• [Task]
Omit all pictures. Reproduce exactly the lines from the first line of the records below through the line with "GARDEN GROVE $369,900".

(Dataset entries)
--------

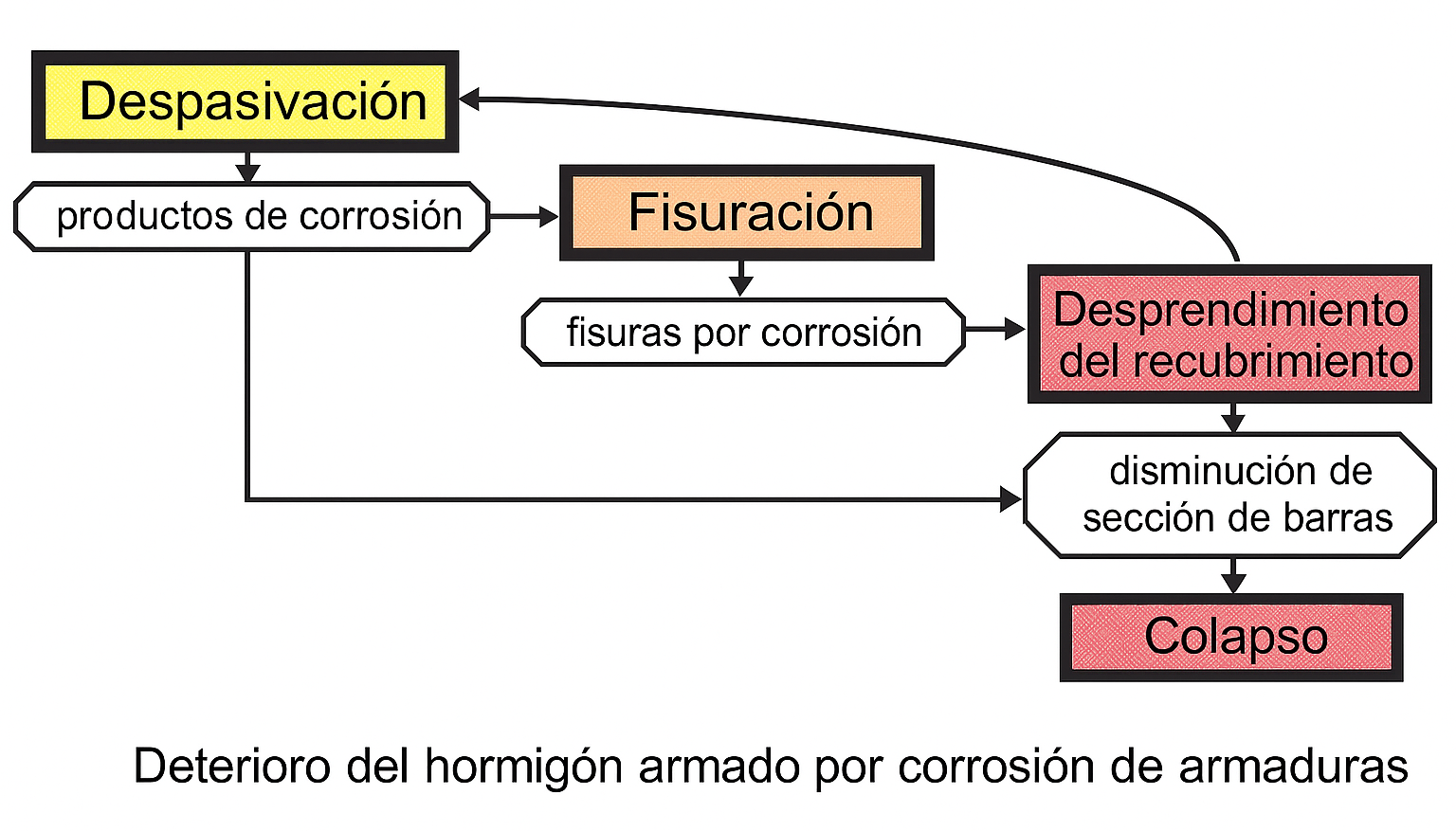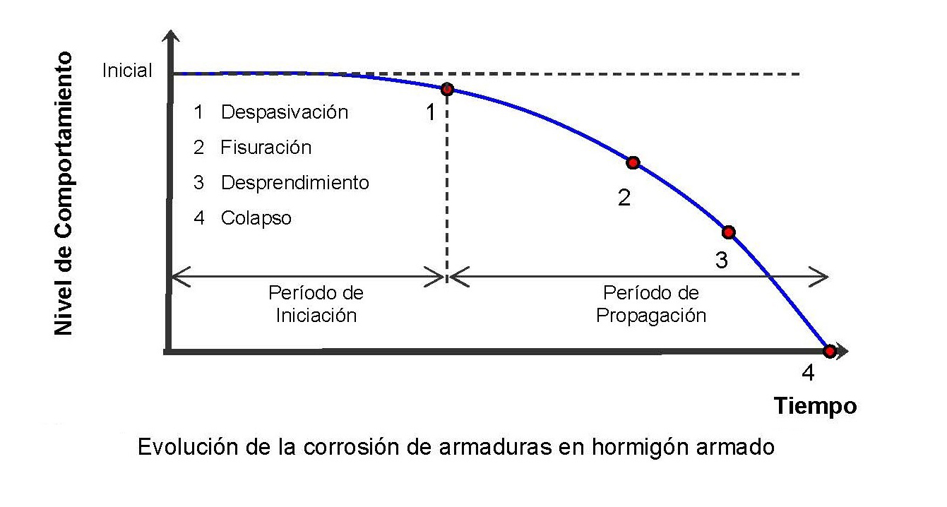 Cuando la corrosión de armaduras es el mecanismo dominante de deterioro, la evolución del daño puede describirse a partir de dos etapas bien diferenciadas. En una primera fase, denominada período de iniciación, se desarrollan las condiciones necesarias para la despasivación del acero, fundamentalmente asociadas al ingreso progresivo de cloruros hasta alcanzar una concentración crítica en la interfase acero-hormigón. La segunda etapa, conocida como período de propagación, comienza una vez iniciada la corrosión y se caracteriza por una velocidad de deterioro considerablemente mayor, que conduce a la fisuración del recubrimiento, el desprendimiento del hormigón y, eventualmente, a la pérdida de capacidad resistente.
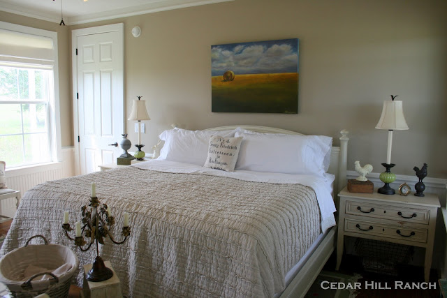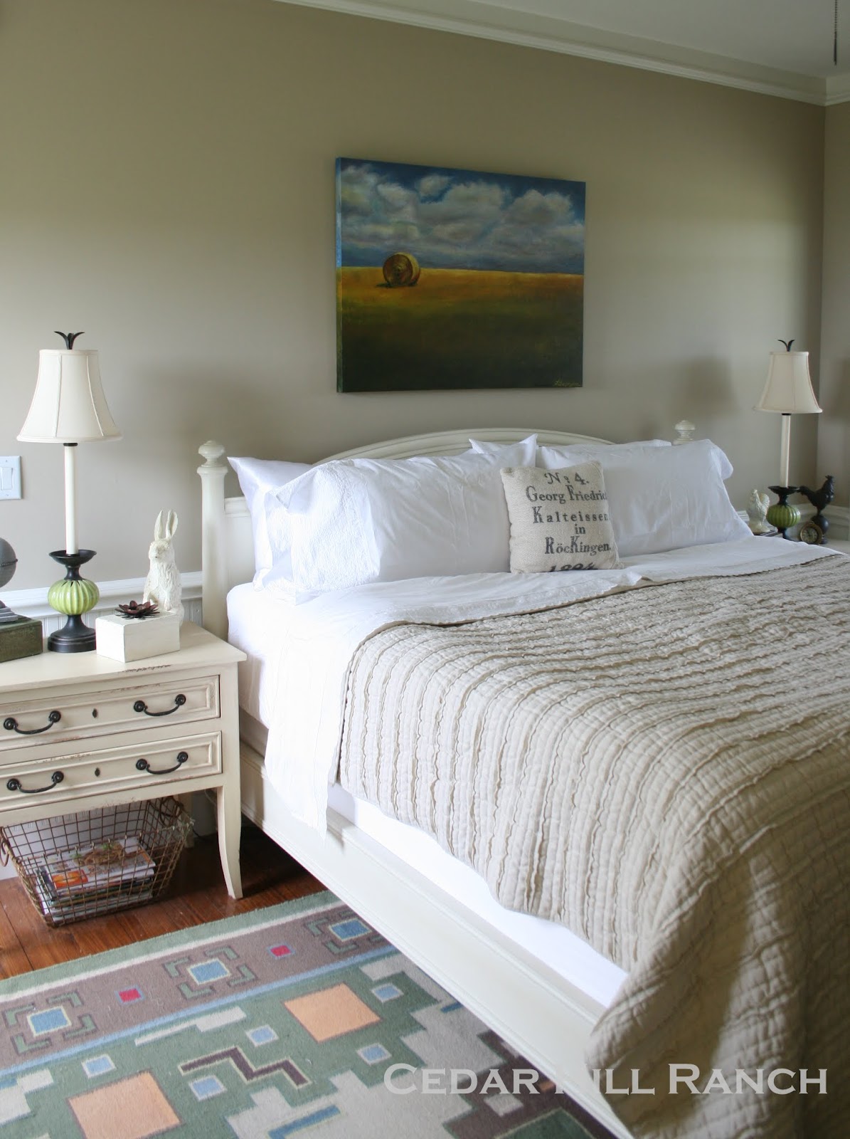 You might also notice that I removed my eyelet bed skirt, since it didn’t work with the new bed. I used a fitted white sheet to cover the foundation of our bed.   I was going to make a cover for the foundation, but Peggy talked me down off that ledge.  Why spend that much time sewing something that you can easily buy for not that much money?
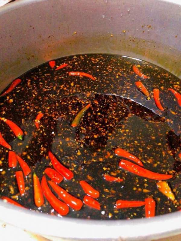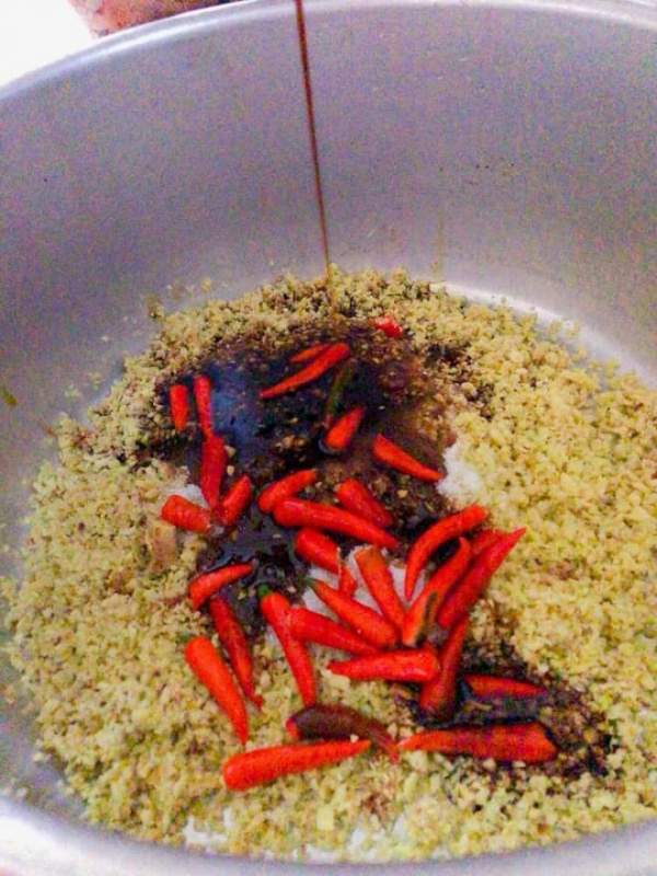 Bật bếp đảo qua cho thơm. Ớt trái để nguyên quả cho khỏi cay
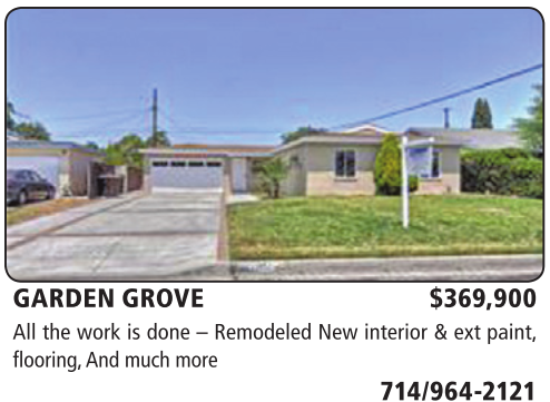 GARDEN GROVE $369,900 All the work is done – Remodeled New interior & ext paint, flooring, And much more 714/964-2121
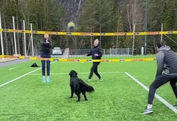 Koronavirüs (Covid-19) salgını nedeniyle maçlara katılamayan Norveçli plaj voleybolcusu Mathias Berntsen, köpeği ile antrenman yaptı. Sevimli köpeğin voleybol yeteneği izleyenleri hayran bıraktı.
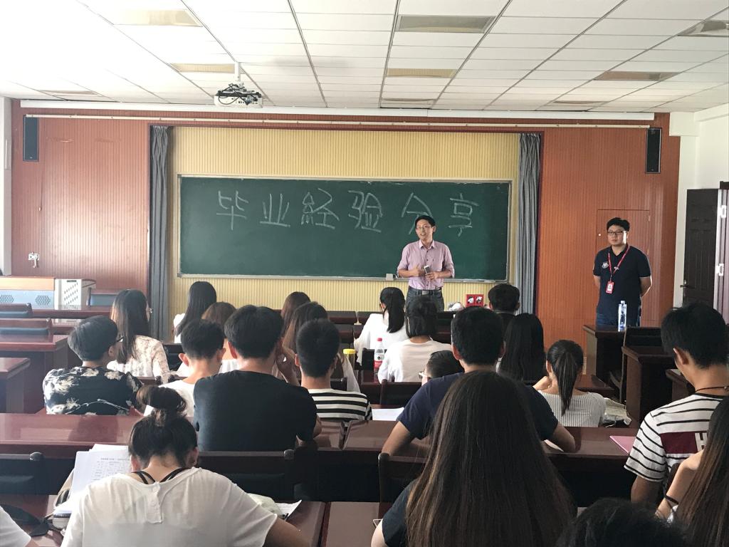 9月13日下午,bat365官方官网物流管理专业于经管楼505室举行毕业经验分享会。出席本次分享会的嘉宾有物流管理系主任吴成锋老师、物流管理系副主任索琪老师、京东山东人力资源部经理、2009级物流管理专业优秀毕业生毕德超以及2014级物流管理专业全体学生。

--------

• [Written solution]
 Cuando la corrosión de armaduras es el mecanismo dominante de deterioro, la evolución del daño puede describirse a partir de dos etapas bien diferenciadas. En una primera fase, denominada período de iniciación, se desarrollan las condiciones necesarias para la despasivación del acero, fundamentalmente asociadas al ingreso progresivo de cloruros hasta alcanzar una concentración crítica en la interfase acero-hormigón. La segunda etapa, conocida como período de propagación, comienza una vez iniciada la corrosión y se caracteriza por una velocidad de deterioro considerablemente mayor, que conduce a la fisuración del recubrimiento, el desprendimiento del hormigón y, eventualmente, a la pérdida de capacidad resistente.
 You might also notice that I removed my eyelet bed skirt, since it didn’t work with the new bed. I used a fitted white sheet to cover the foundation of our bed.   I was going to make a cover for the foundation, but Peggy talked me down off that ledge.  Why spend that much time sewing something that you can easily buy for not that much money?
 Bật bếp đảo qua cho thơm. Ớt trái để nguyên quả cho khỏi cay
 GARDEN GROVE $369,900 All the work is done – Remodeled New interior & ext paint, flooring, And much more 714/964-2121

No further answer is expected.